10.3390/su13052640 ◽

2021 ◽

Vol 13 (5) ◽

pp. 2640

Author(s):

Muhammad Zubair ◽

Akash Jamil ◽

Syed Bilal Hussain ◽

Ahsan Ul Haq ◽

Ahmad Hussain ◽

...

Keyword(s):

Medicinal Plants ◽

Coniferous Forest ◽

Canopy Cover ◽

Local Communities ◽

Tree Canopy ◽

Tree Cover ◽

Open Spaces ◽

Floral Diversity ◽

Tree Canopy Cover ◽

Closed Canopy

The moist temperate forests in Northern Pakistan are home to a variety of flora and fauna that are pivotal in sustaining the livelihoods of the local communities.
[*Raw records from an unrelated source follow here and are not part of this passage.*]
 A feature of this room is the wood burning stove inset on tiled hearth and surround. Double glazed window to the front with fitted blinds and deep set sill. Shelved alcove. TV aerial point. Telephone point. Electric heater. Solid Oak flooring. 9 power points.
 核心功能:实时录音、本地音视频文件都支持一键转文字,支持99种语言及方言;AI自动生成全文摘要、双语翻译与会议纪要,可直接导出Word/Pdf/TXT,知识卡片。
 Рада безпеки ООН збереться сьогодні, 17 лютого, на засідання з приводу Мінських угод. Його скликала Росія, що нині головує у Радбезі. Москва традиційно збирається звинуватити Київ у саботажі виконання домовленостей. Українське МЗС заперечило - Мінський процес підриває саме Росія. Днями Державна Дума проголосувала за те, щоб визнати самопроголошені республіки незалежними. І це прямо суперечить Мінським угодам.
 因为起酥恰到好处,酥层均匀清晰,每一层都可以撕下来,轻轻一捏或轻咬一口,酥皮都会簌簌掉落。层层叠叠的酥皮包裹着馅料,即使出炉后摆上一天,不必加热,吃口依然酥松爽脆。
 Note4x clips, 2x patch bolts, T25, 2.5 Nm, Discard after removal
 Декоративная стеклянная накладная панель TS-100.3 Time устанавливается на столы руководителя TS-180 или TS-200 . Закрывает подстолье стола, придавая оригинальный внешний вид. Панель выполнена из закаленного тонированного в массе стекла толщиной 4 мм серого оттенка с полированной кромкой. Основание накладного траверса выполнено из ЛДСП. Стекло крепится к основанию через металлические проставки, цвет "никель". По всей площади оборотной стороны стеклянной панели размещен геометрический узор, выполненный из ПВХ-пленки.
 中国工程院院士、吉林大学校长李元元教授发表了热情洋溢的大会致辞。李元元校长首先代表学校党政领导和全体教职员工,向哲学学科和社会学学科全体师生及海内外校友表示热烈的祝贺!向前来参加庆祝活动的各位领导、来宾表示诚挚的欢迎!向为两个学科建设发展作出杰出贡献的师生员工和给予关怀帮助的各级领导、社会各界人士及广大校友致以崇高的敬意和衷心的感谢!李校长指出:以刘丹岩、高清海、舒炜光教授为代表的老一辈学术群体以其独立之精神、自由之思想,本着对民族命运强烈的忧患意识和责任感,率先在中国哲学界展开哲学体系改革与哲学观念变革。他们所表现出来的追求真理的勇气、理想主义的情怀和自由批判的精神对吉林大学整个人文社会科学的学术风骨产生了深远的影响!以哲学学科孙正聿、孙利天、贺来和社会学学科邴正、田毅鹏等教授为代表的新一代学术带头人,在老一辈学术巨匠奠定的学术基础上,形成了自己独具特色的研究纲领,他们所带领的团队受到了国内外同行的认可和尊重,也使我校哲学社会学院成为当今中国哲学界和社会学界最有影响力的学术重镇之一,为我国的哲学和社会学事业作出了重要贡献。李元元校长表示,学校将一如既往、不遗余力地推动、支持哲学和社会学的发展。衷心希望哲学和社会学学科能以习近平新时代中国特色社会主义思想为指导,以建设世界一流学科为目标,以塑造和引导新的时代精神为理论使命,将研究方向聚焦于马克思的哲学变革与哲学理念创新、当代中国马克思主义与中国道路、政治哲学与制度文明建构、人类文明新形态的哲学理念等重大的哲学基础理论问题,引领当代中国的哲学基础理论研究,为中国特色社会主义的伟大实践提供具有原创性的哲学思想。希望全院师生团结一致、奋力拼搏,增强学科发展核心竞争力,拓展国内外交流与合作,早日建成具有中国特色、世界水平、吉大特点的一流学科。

In these forests, distribution and richness of vegetation, especially that of medicinal plants, is rarely reported. In this study, we carried out a vegetation survey in District Balakot, located in Northeastern Pakistan, to characterize the diversity of medicinal plants under different canopies of coniferous forest. The experimental site was divided into three major categories (viz., closed canopy, open spaces, and partial tree cover). A sampling plot of 100 m2 was established on each site to measure species diversity, dominance, and evenness. To observe richness and abundance, the rarefaction and rank abundance curves were plotted. Results revealed that a total of 45 species representing 34 families were available in the study site. Medicinal plants were the most abundant (45%) followed by edible plants (26%). Tree canopy cover affected the overall growth of medicinal plants on the basis of abundance and richness. The site with partial canopy exhibited the highest diversity, dominance, and abundance compared to open spaces and closed canopy. These findings are instrumental in identifying the wealth of the medicinal floral diversity in the northeastern temperate forest of Balakot and the opportunity to sustain the livelihoods of local communities with the help of public/private partnership.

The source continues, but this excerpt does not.